The medical groups defended their new guidelines, which are based on the SPRINT study and 20 other randomized controlled trials.

That research showed that “any additional benefit from aggressive blood pressure control” — meaning reducing blood pressure below 140 — “is small,” said ACP president Dr. Nitin Damle.

The more lenient targets also reflect the harms of aiming lower. As people take more kinds of anti-hypertension drugs (three is not unusual) and higher does of them in an effort to drive down their numbers, they are more likely to have side effects like coughing and low blood pressure, which causes lightheadedness or fainting.

Competing guidelines


As a whole, the analysis of the 21 studies found, most of the evidence for the benefits of treating high blood pressure came from studies of patients who started out above 160 and got into the 140s. Studies that aimed for less than 140 “showed no statistically significant reduction in all-cause mortality or cardiac events,” the authors wrote in the Annals paper, though they did find a reduced risk for stroke.

For instance, a 2012 Cochrane Review concluded that in otherwise healthy adults with blood pressure of 140 to 159, blood-pressure-lowering drugs “have not been shown to reduce mortality or morbidity [death or disease] in randomized clinical trials.”

The SPRINT trial offered the strongest counterargument to that, finding benefits in reducing blood pressure to 120 or less. But it studied only people at high risk for cardiovascular disease. And it has been criticized for measuring blood pressure differently from how doctors usually do it, with the result that a reading of, say, 120 in SPRINT would be 128 or so in ordinary practice.
 
What’s indisputable is that the clashing, changing guidelines confuse both laypeople and doctors.
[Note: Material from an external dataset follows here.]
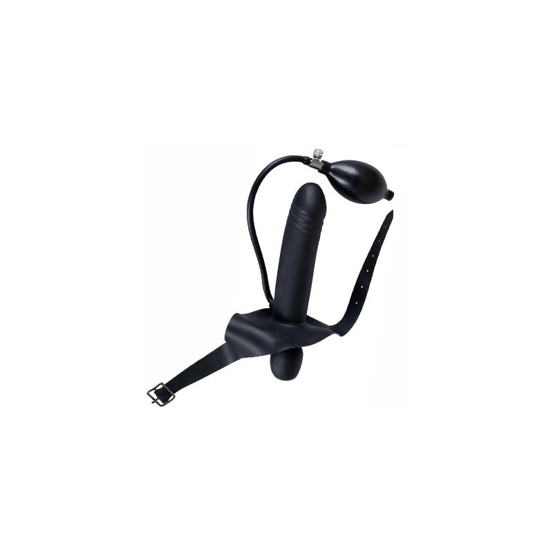 Bâillon composé d'un gode sur la partie extérieur et d'une boule gonflable sur la partie intérieur.

The American Heart Association, for instance, says that in adults systolic blood pressure of 140 or more means “poor” cardiovascular health, 120 to 139 means intermediate cardiovascular health, and below 120 is “ideal.”

“For the public as well as practitioners, what the competing blood pressure guidelines illustrate is that there are different ways to interpret the same research,” said Dr. Vikas Saini, president of the Lown Institute, which warns against medical overtreatment. “The interpretation of the same data can be as different as half empty and half full.”